Not only does this apply to actual physical things, but also to our own thinking. Getting stuck in old patterns of belief can become very harmful. As we age it is necessary to continually re-evaluate old thought patterns based on the new knowledge we have gained; although sometimes thought patterns are so ingrained in our sub-conscience that we hardly question them. Thus it is necessary to always be in a state of awareness; to live in a state of acting not re-acting. Allowing yourself a moment to breathe, step back and look at the situation with new eyes. Ask yourself why you are feeling the way you are, is it because of something in the past or are you truly in the moment. Allowing yourself to let go of old patterns opens you up to new ways of relating.
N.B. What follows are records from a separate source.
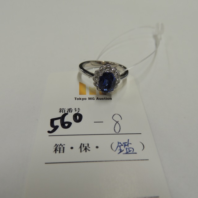 リング サファイア ダイヤ K18WG 4.40g 鑑 石目:0.60 D0.40
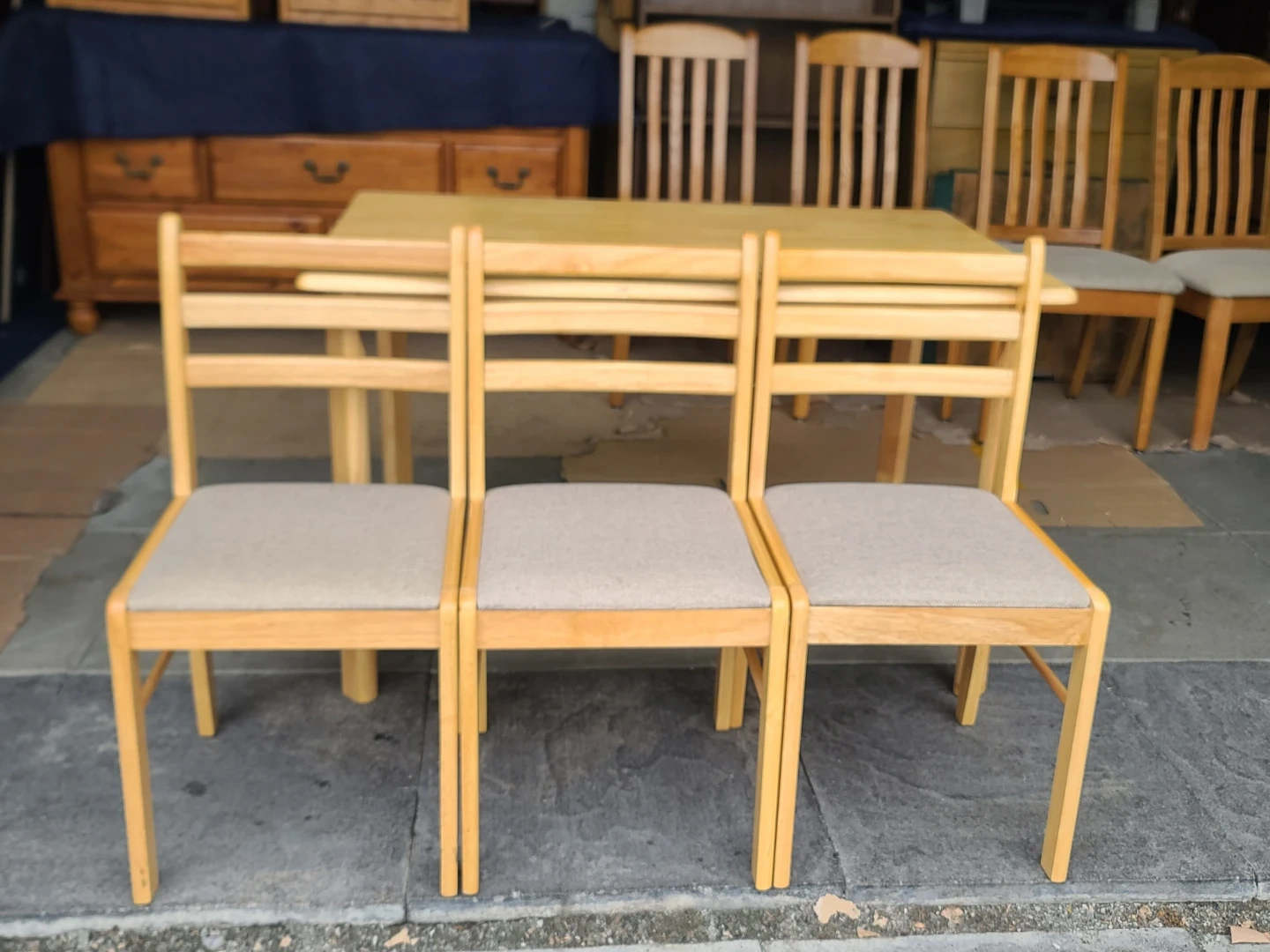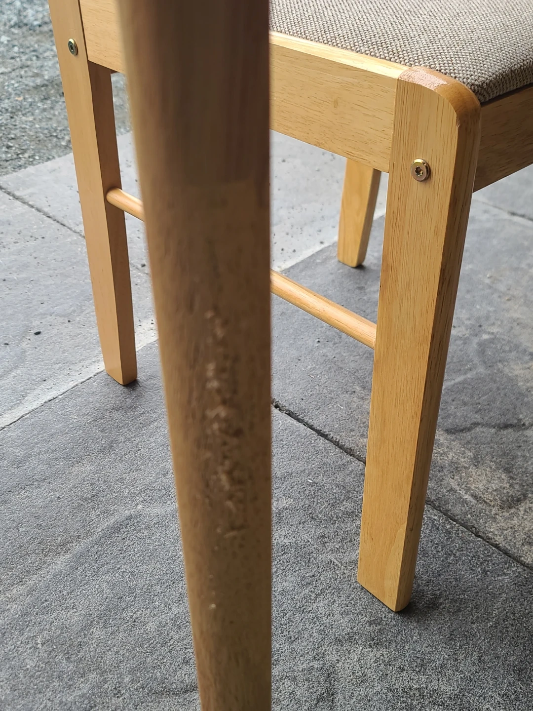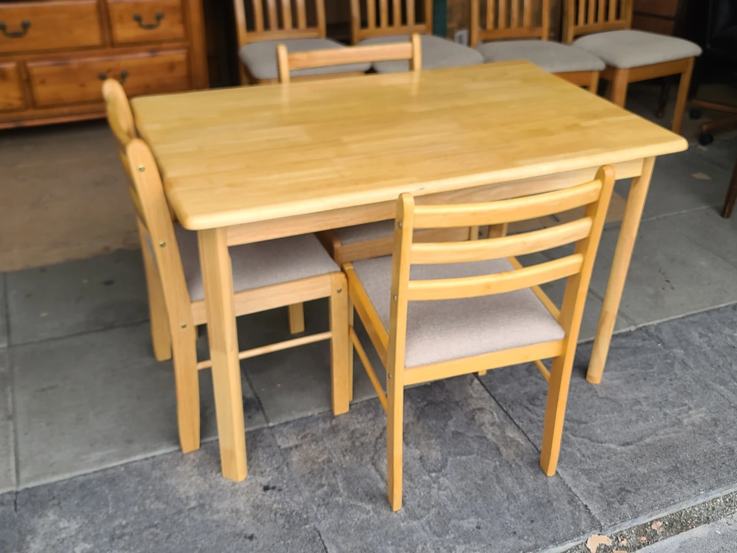 Light wood dining set, comes with 3 chairs. Upholstered seats on chairs. Great for a small space or kitchen nook. The chairs have beige fabric seats. Measurements: W 47" X D 29" X H 29". Delivery can be arranged. Viewing and pickup by appointment.
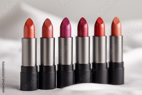 © Studio, Obraz premium Row of six lipsticks in varying shades of red and pink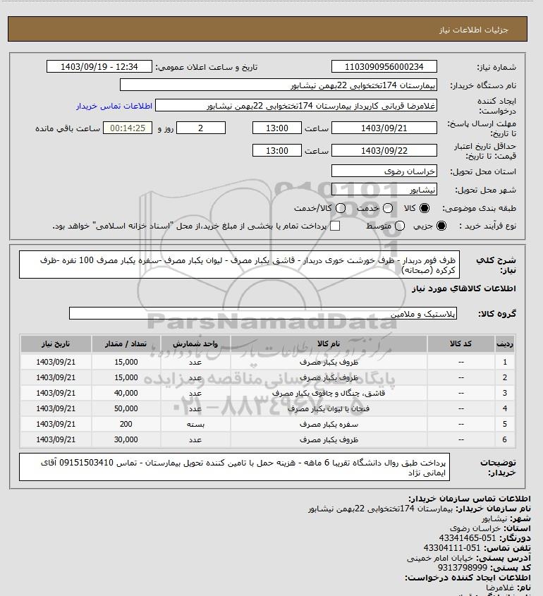 | 2 | -- | ظروف یکبار مصرف | عدد | 15,000 | 1403/09/21 |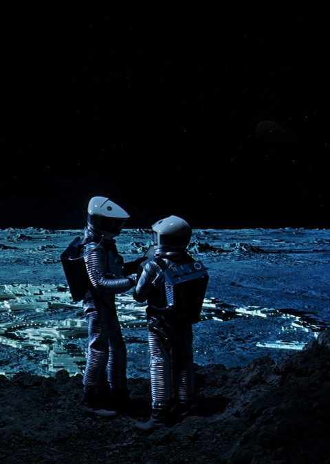 Перенесемся в Эпизод 2: Лунное путешествие в 2000 году. Такими Кубрик видит костюмы космонавтов на стыке веков. Из примечательных деталей — все скафандры выполнены в серебристых и золотытсых цветах, что скорее напоминает нам инопланетные оттенки.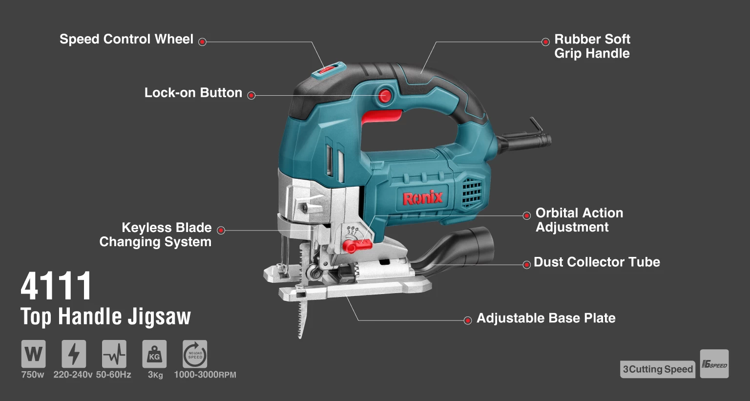 سیستم اتوماتیک تعویض تیغه نیز با هدف کاربری آسان و سریع در این ابزار تعبیه شده است. در اره عمودبر 4111 رونیکس، جریان ایجادشده از دیمر، کلید و برد الکترونیکی به سیمپیچ و کلکتور مسی با درصد خلوص مس بالا میرسد تا دستگاه با توان حداکثری خود شروع به کار کند. اره برقی عمودبر گیربکس فلزی 750 وات رونیکس با مدل 4111، از لحاظ تمام ویژگیها و کاربردها، همرده سوپربرندهای جهانی طراحی و تولید شده است.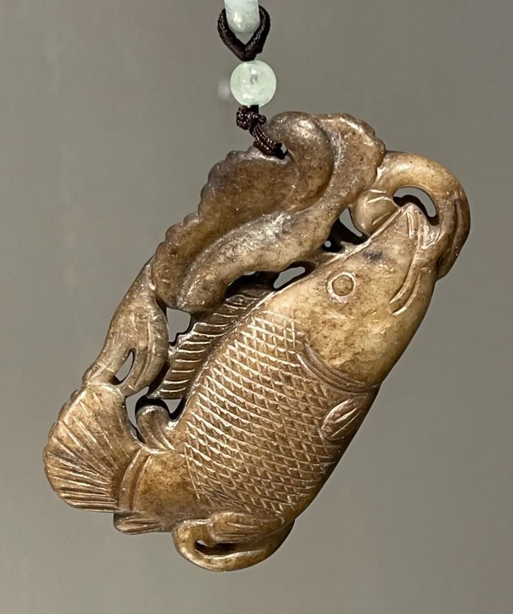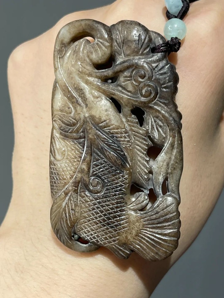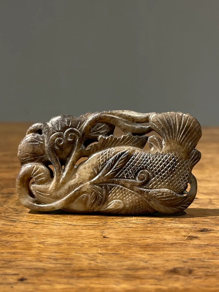 这是一件年代较久的文人随手把玩的玉雕,此件文人气特别浓厚的案头把玩镂雕寓意“连莲有鱼、年年有余”的莲叶鳜鱼鏤雕玉件,以四面全形鏤空透雕手法,呈现出一只啣莲叶的鳜鱼,仿生造型生动流畅,神韵非凡,无论是鳜鱼的体态,遨游动感,与莲叶型态,所有的线条弧度都可以感受到匠人投入的情感、优雅的造形、以及旧时代精细的玉雕线条与完美的表面琢磨,全器以明清玉雕提油作色工艺呈現仿古褐黑色沁斑,色泽自然,质地温润细腻。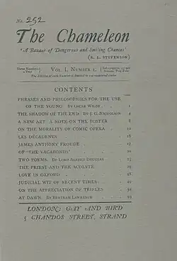 The Chameleon was conceived by John Bloxam, an undergraduate at Oxford University. It was originally to be titled The Parrot Tulip, but the name The Chameleon was chosen by George Ives in a meeting between Ives, Bloxam, and Oscar Wilde in London.[2] Bloxam showed his story "The Priest and the Acolyte" to Wilde and Ives. Wilde encouraged him to publish it, while Ives urged caution.[3] Bloxam published no further writing after The Chameleon, and would go on to be ordained as a priest in 1897, spending the remainder of his life in the clergy.[4]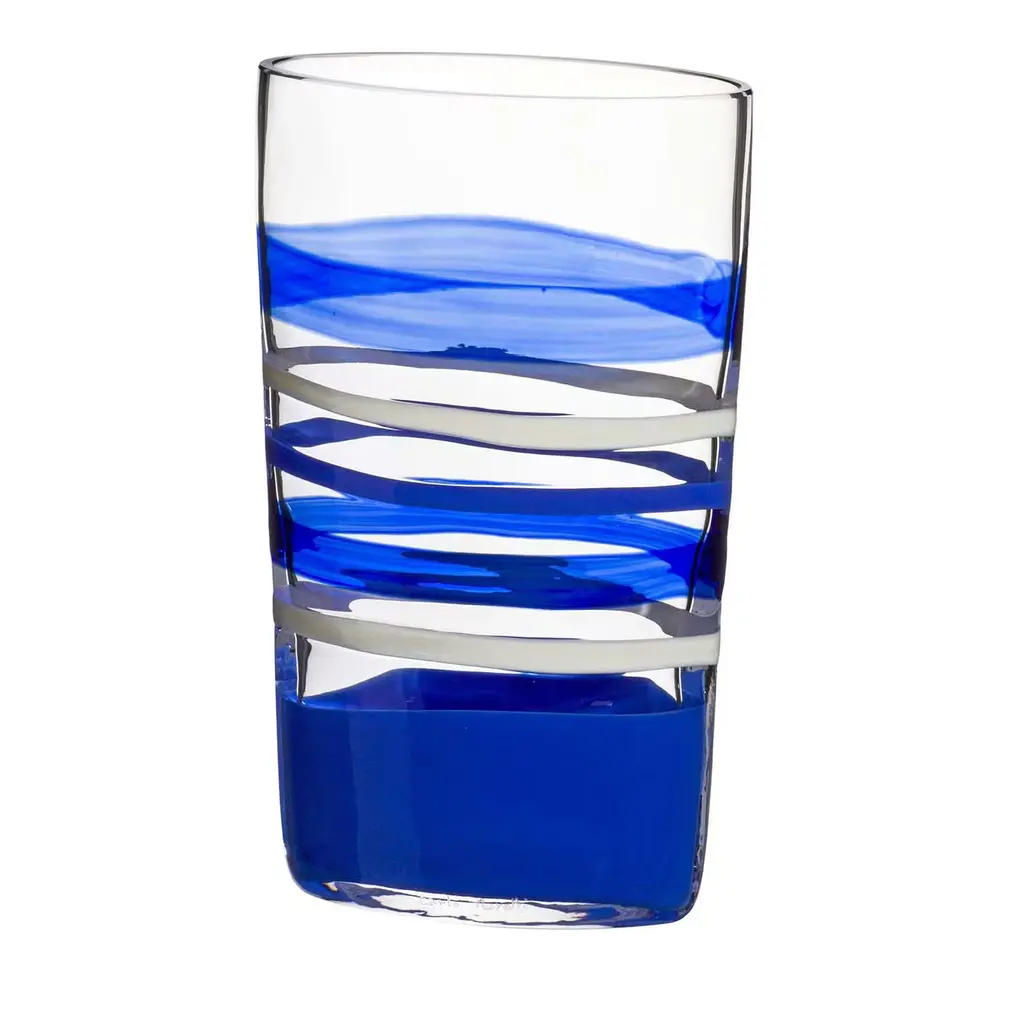 Signed by the master glassmaker following a painstaking artisan process of blowing and finishing, this one-of-a-kind vase will shine in refined modern settings. Its timelessly sophisticated appeal is increased by the choice of neutral tones for its decoration, comprised of parallel rings in milky-white and gray paste paired to a black cloud at the base. A blue-toned version is also available, please consult the Artemest catalog.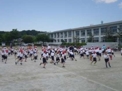 今日の2時間目は、全校男子(帽子取り・くす玉割り)と全校女子(綱引き)の種目練習を行いました。今日は、整列方法と入退場の仕方、種目の流れや動きを確認するだけで、実際に競技は行いませんでした。しかしながら、競技前のかけ声や、勝利チームの「バンザイ」などは大きな声でできました。入退場の音楽は放送委員会の児童が、本番と同じように流す練習をしました。
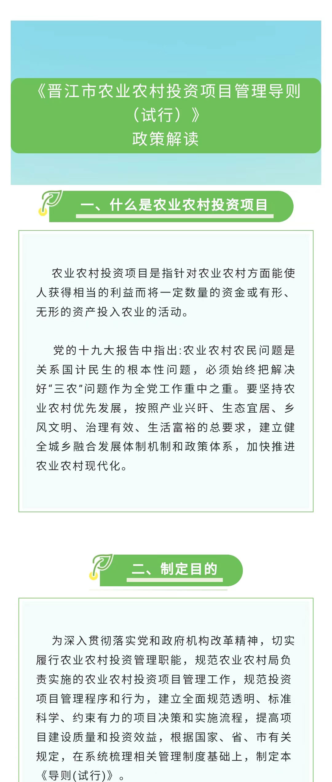 《晋江市农业农村投资项目管理导则(试行)》政策解读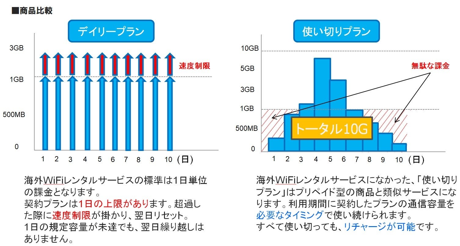 海外レンタルWiFiサービスは1日あたりの課金がスタンダートですが、無駄なく使いたいときに使いたい通信容量をご提供できるサービスを提供いたします。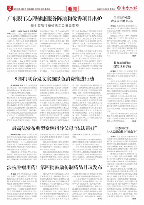 - 广东职工心理健康服务阵地和优秀项目出炉 本报讯 (全媒体记者王艳 通讯员郝小梅)近日,广东省总工会下发《关于发布2025年全省职工心理健康服务阵地和职工心理健康服务优秀项目名单的通知》,全省评出2个职工心理健康服务阵地和64个职工心理

I also mentioned that Sophie Legrand discussed Brahmacharya in her post titled “Browse with Moderation”. She discusses the concept of Brahmacharya: sensory control; not giving into the ego’s excessive demands & striving to live a balanced life, without squandering precious energy.

Further to the above two Yamas there is Ahimsa: nonviolence.

Ahimsa refers to not only the abstention of physical violence but also discouraging violent words or thoughts. It is necessary to be actively aware of our thoughts and interactions with ourselves and others in order to eliminate these destructive behaviours. Remember that thoughts become actions and actions eventually become behaviours.

To truly practice Ahimsa one needs to participate in the practices of compassion, love, understanding, patience, self-love and worthiness.  First and foremost it is necessary to begin with oneself. You cannot be patient or understanding or compassionate with others if you haven’t first started with yourself. It begins from within. It is only from the love of oneself that you understand that ultimately there is no separation between you and me. To do violence to you is to do violence to me.

Starting with little baby steps, such as on your mat, be kind to yourself. The body is always changing; what you were able to do one day you might not be able to do the next. Just try to believe that you are exactly where you are supposed to be. Practice forgiveness within yourself so that you can give that to others. This patience and understand that you give to yourself on your mat will naturally flow into other aspects of your life given time.